Pengembangan Pesantren sebagai
Pusat Tariqat Al Idrisiyah
Mengingat Cidahu areanya tak memungkinkan untuk
pengembangan pesat Thariqat, karena areanya yang sempit, di depan jalan raya
dan di belakangnya adalah Sungai Citanduy, maka Pesantren Al Idrisiyah dialihkan
ke daerah Pagendingan, yang terletak di tepi jalan Nasional, yang lebih hidup
sehingga memungkinkan dakwah menjadi lebih terbuka dan menjangkau ragam
khalayak.
Kini Pesantren Al Idrisiyah tidak hanya sebagai Pesantren
Tasawuf saja. Pesantren ini pun menyelenggarakan kegiatan sekolah dan pesantren
diniyah. Siswa dan santri di sini sudah diperkenalkan dengan kegiatan
bertariqat.
Struktur Organisasi Tariqat Al
Idrisiyah
Bila di Tariqat lain ada pembantu Mursyid (Badal,
Khalifah, Wakil Talqin) dalam melakukan proses pembelajaran dzikir yang
diistilahkan sebagai Talqin atau Bay'at, di Al Idrisiyah proses Talqin dan
Bay'at hanya dilakukan oleh Mursyid Thariqat Al Idrisiyah. Murid atau Jama'ah
yang telah belajar berdzikir kemudian dibina di Zawiyah Sufiyah (Tempat
berkumpul dan beriyadoh sufi) yang saat ini ada di 60 tempat yang tersebar di
Indonesia. Di luar negeri pengembangannya sudah ke Brunei, Malaysia, Hongkong,
dan Italia.
Di setiap Zawiyah
ada Ketua Zawiyah dan Ustadz Pembimbing amalan riyadhoh sufiyah. Ketua Zawiyah
menjalankan peran perpanjangan Tariqat Al Idrisiyah dalam bidang Dakwah,
Pendidikan, Ekonomi, Kepemudaan, dan Peranan Wanita. Ustadz Pembimbing amalan
Sufiyah berperan dalam membimbing murid atau jamaah dalam melakukan
amalan-amalan dan latihan-latihan ruhaniyah, sehingga para murid yang baru
dapat berlatih hingga menemukan lezatnya dzikrullah.

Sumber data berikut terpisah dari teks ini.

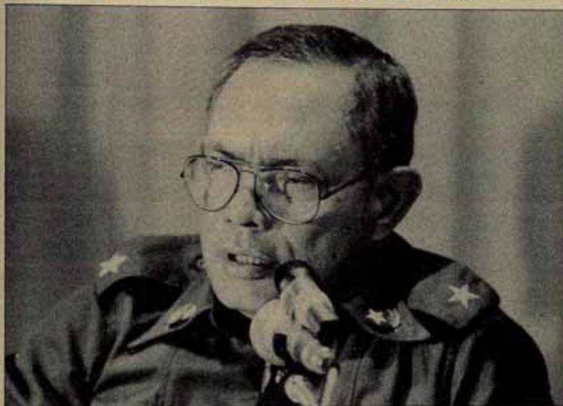
La farsa de las relaciones ETA-FSLN busca aislar a Nicaragua de Europa en el peor momento.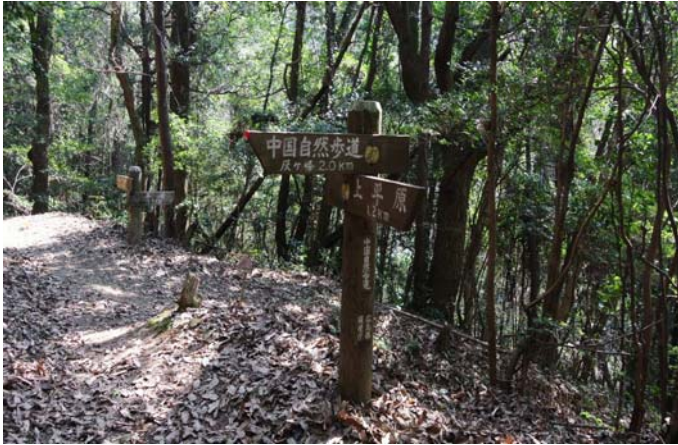
何かがあったか誰かのいたずらか道標の向きが違っている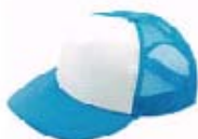
3102 スカイブルー×ホワイト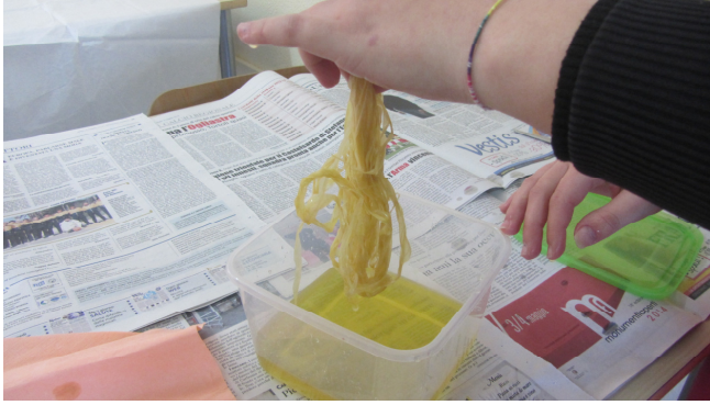
Tintura della rafia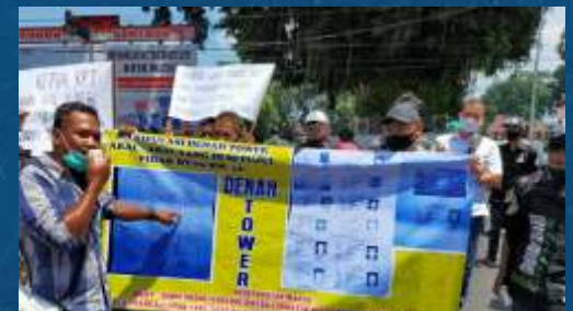
Puluhan warga Jl. Melati Gang II Kota Blitar menggeruduk Kantor DPRD dan Pemkot menolak pembangunan Tower Seluler

Aksi penolakan dilanjutkan dengan mendatangi Kantor Walikota Blitar di Jl. Merdeka, warga ditemui oleh Sekkota Blitar,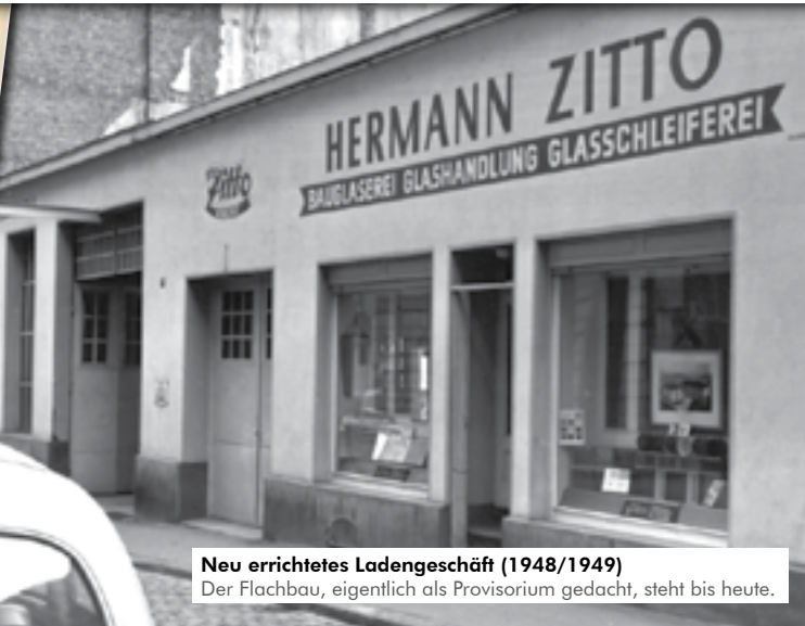
Neu errichtetes Ladengeschäft (1948/1949) Der Flachbau, eigentlich als Provisorium gedacht, steht bis heute.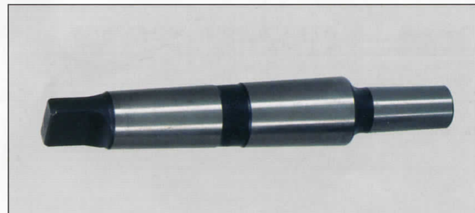
Conos morse Código • MK 2 - B 16 305 0659 • MK 3 - B 16 305 0660 • MK 4 - B 16 305 0661 • MK 5 - B 16 305 0675 • MK 6 - B 16 305 0676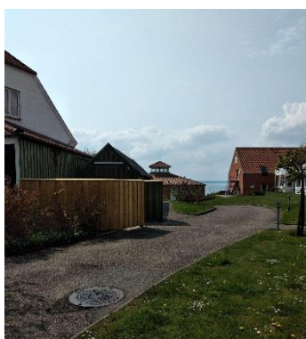
Foto 19. Her lå kroen i sin tid

Så kommer vi på den anden side på Broagerland og følger gendarmstien ind til højre ved det gamle færgeleje. Meget er sket siden da og meget er under forandring, men i 1870'erne, hvor mange malere lod sig indkvartere skal man forestille sig, at der var brug for overnatning. Schumanns Gasthof var et af stederne. Her samledes kunstnerne fra 1900, hvis ikke de boede privat. Ofte var det sådan, at fiskerne flyttede ud af deres huse og ind i deres skure og overlod huset til betalende gæster. Mere end 40 kunstnere regnes for i dag at have tilhørt kunstnermiljøet i Egersund. De fleste af kunstnerne havde en tilknytning til Slesvig-Holsten og var uddannet på tyske kunstakademier. Kroen eksisterer ikke mere og er revet ned. Men man kan se den i nedenstående link og i videoen fra Kunstmuseet Brundlund Slot, hvordan der har set ud dengang.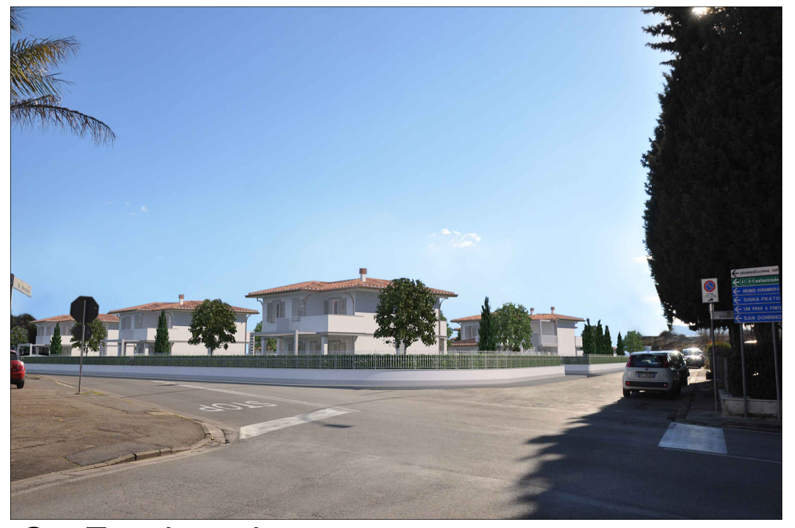
C - Fotoinserimento incrocio Via Benedetto Croce - Via Giordano Bruno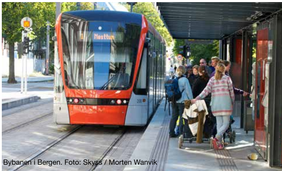
Bybanen i Bergen.

kollektivt. Kjøprising gir også mindre helseskadelig forurensing, noe som gir lavere kostnader for helsevesenet og store fordeler for astmatikere og andre som lider under dårlig luft.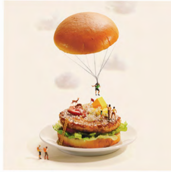
ハンバーガーパラシュート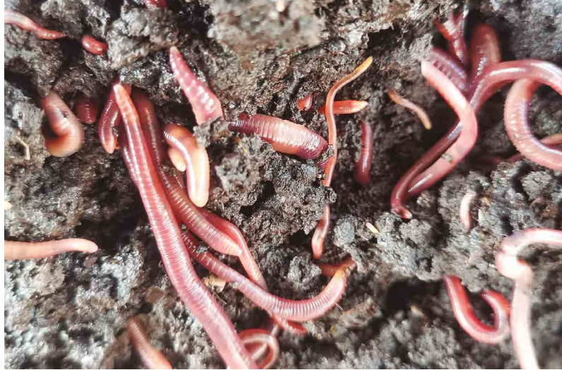
Figura 32. Lombriz roja californiana ( Eisenia foetida )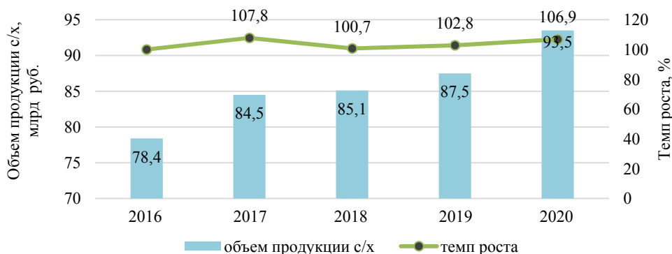
Рис. 3. Развитие рынка сельскохозяйственной продукции Брянской области за 2016–2020 гг.

Основная специализация АПК Брянской области – производство животноводческой продукции. В настоящее время из совокупного объема сельскохозяйственной продукции региона доля животноводства составляет 63,0 %, в то время как растениеводство – лишь немногим более трети (37,0 %) [21].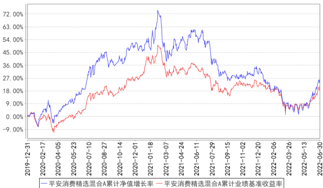
平安消费精选混合A累计净值增长率与同期业绩比较基准收益率的历史走势对比图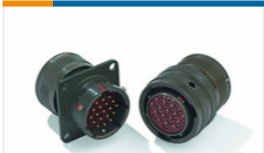
TE 产品编号ZPF000000000006017 951-00 E 8-3A-P 50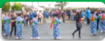
おもてなし太子音頭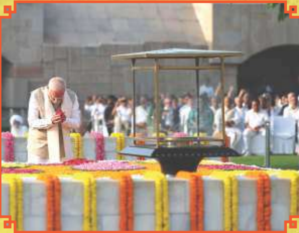
গান্ধী জয়ন্তী উপলক্ষে রাজঘাটে জাতির জনক মহাত্মা গান্ধীর সমাধিতে পুষ্পার্ঘ্য নিবেদন করছেন প্রধানমন্ত্রী শ্রী নরেন্দ্র মোদী।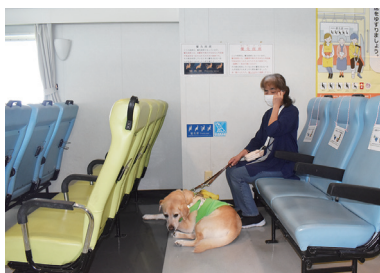
フェリーいえしま(3列目)

伊江村のフェリーには優先席が設けられていて、誰もが安心して座れるよう配慮がなされています。中でも、盲導犬ユーザーが利用しやすい席（足元が広い席）があります。これまでもステッカーが壁に貼られるなど皆さんへの周知もされていましたが、今回社協でも「優先席目印カード」を作成して対象の席へ設置することとなりました。フェリーに乗る際にぜひ一度ご確認頂くとともに、盲導犬ユーザーの方が利用する場面でのご理解・ご協力をお願いいたします！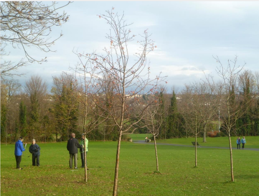
Fíor 4 Páirc Mharlaí

Chun teacht leis an bhfís de phobail inmharthana, inbhuanaithe a sheachadadh tá Forbairt Shóisialta agus Bonneagar Pobail iniata i bPlean Forbartha an Chontae 2016 -2022. Ina theannta sin, ceann de na príomhspríocanna sa Phlean Geilleagrach agus Pobail Áitiúil atá againn ná:- Pobail inbhuanaithe a fhorbairt agus tacaíocht a thabhairt dóibh sna blianta atá le teacht trí chomhtháthú ceart a dhéanamh idir thithíocht agus bonneagar sóisialta agus pobail a bheidh ar ardchaighdeán. Tá súil againn an sprioc sin a bhaint amach i gcomhoibriú lenár bpríomhpháirtithe leasmhara, comhpháirtithe agus na pobail.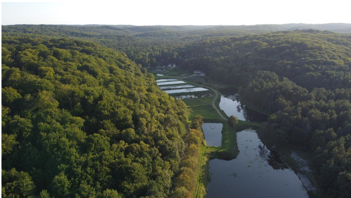
Zespół stawów hodowlanych na Wiercicy. Widok od strony północnej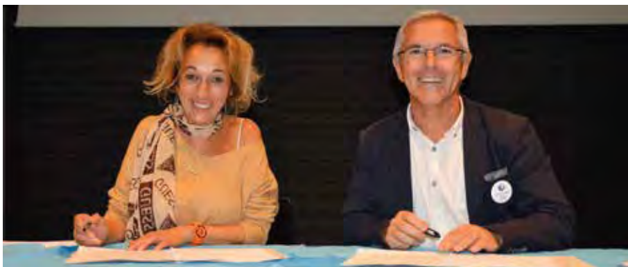
Signature joyeuse de convention entre la Ville et le directeur de Pôle Emploi 7 collines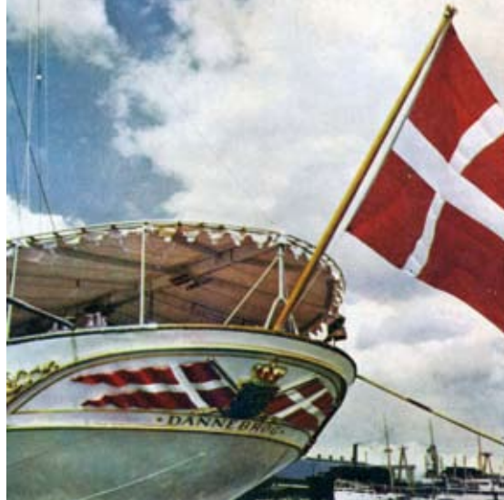
Hækken på Kongeskibet Dannebrog

Et karakteristisk træk ved den her beskrevne udvikling er den stadige kamp fra civile og private for at få lov til at bruge splitflaget. En popularitet, som det har været svært for myndighederne at dæmme op for. Hvad årsagen til denne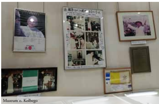
Muzeum o. Kolbego

Jana Pawła II do Japonii, która odbyła się 23-26 lutego 1981. Celem pielgrzymki Papieża Polaka było oddanie czci męczennikom za wiarę, wizytacja lokalnej wspólnoty kościelnej. Japonia była czwartym (po Pakistanie, Filipinach i Guam) krajem odwiedzionym przez Jana Pawła II podczas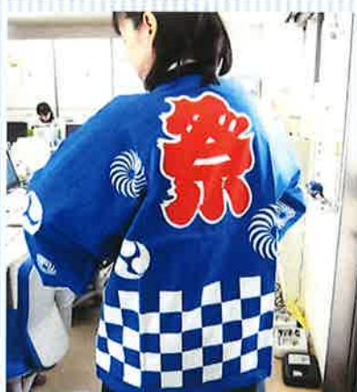
↑青いはっぴがステキです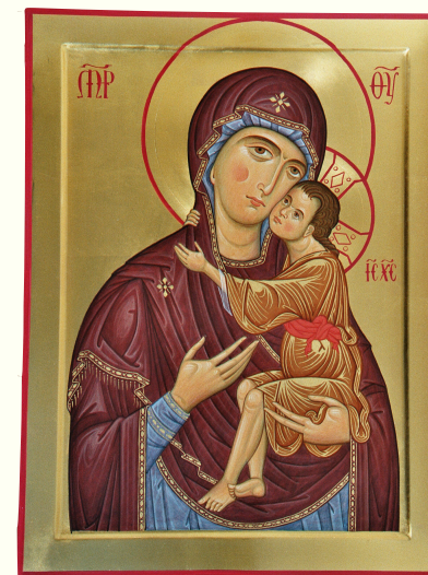
VERGINE DI AVERSA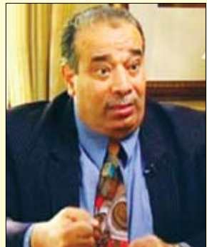
بمقام الشيخ الدكتور/ أحمد صبحي منصور

Pengembangan dakwah di jaman sekarang dilakukan oleh Al
Idrisiyyah dengan memanfaatkan teknologi informasi, berupa Website, Blog,
Aplikasi dan Sosial Media. Untuk jegiatan-kegiatan yang berlangsung di Al
Idrisiyyah siapapun yang memerlukan dapat membukanya di live streaming melalui media sosial.
Riyadhoh Sufiyah Thariqat Al
Idrisiyah
Di Al Idrisiyah ada kegiatan bulanan, mingguan, dan
harian.
Kegiatan bulanan di Al Idrisiyah yaitu kegiatan "Arba'in" (arti harfiah adalah
40). Istilah arba'in ini diambil dari
peringatan agar Murid sedapat mungkin jangan memisahkan diri dari murid
melampaui 40 hari. Dalam prakteknya, Arba'in
dilaksanakan setiap sebulan sekali. Ada kajian Arkanuddin atau Tiga Rukum Agama, yaitu seimbang antara Tasawwuf,
Aqidah dan Fikih. Kegiatan ini terbuka untuk umum, untuk mubtadi, untuk ummat
Islam yang ingin mengenal tasawuf.
Selain kegiatan Arbain
yang bersifat bulanan ,di Pusat Tariqat Idrisiyah dilakukan pula kegiatan
mingguan yang dilakukan setiap Malam Jum'at yang berupa Ta'lim khusus Tasawuf dan Latihan (Riyadhoh Shufiyyah) berupa Shalat Wajib dan nawafil, Dzikir dan Aurad.
Kegiatan harian berupa dzikir, aurad dan riyadhoh harian
dilakukan oleh masing-masing murid di tempatnga masing-masing, atau di
Zawiyah-Zawiyah yang dekat dengan tempat tinggal murid.
Saat kami berkunjung, pukul 17.15 tiba di komplek Al
Idrisiyah.
Pada malam Jum'at , sebelum Adzan Maghrib jamaah sudah
berkumpul. Jamaah laki-laki mengenakan pakaian gamis putih, berkopiah putih dan
bersorban putih dengan selendang hijau. Jamaah wanita sebagian besar bergamis
hitam dan mengenakan burkha. Sebelum shalat maghrib Jamaah melafalkan dzikir
khusus "La Ilaha IllalLah Muhammadur
Rosululloh Fi Kulli Lamhatin Wanafasin 'adada maa wa si'ahu 'ilmulLah".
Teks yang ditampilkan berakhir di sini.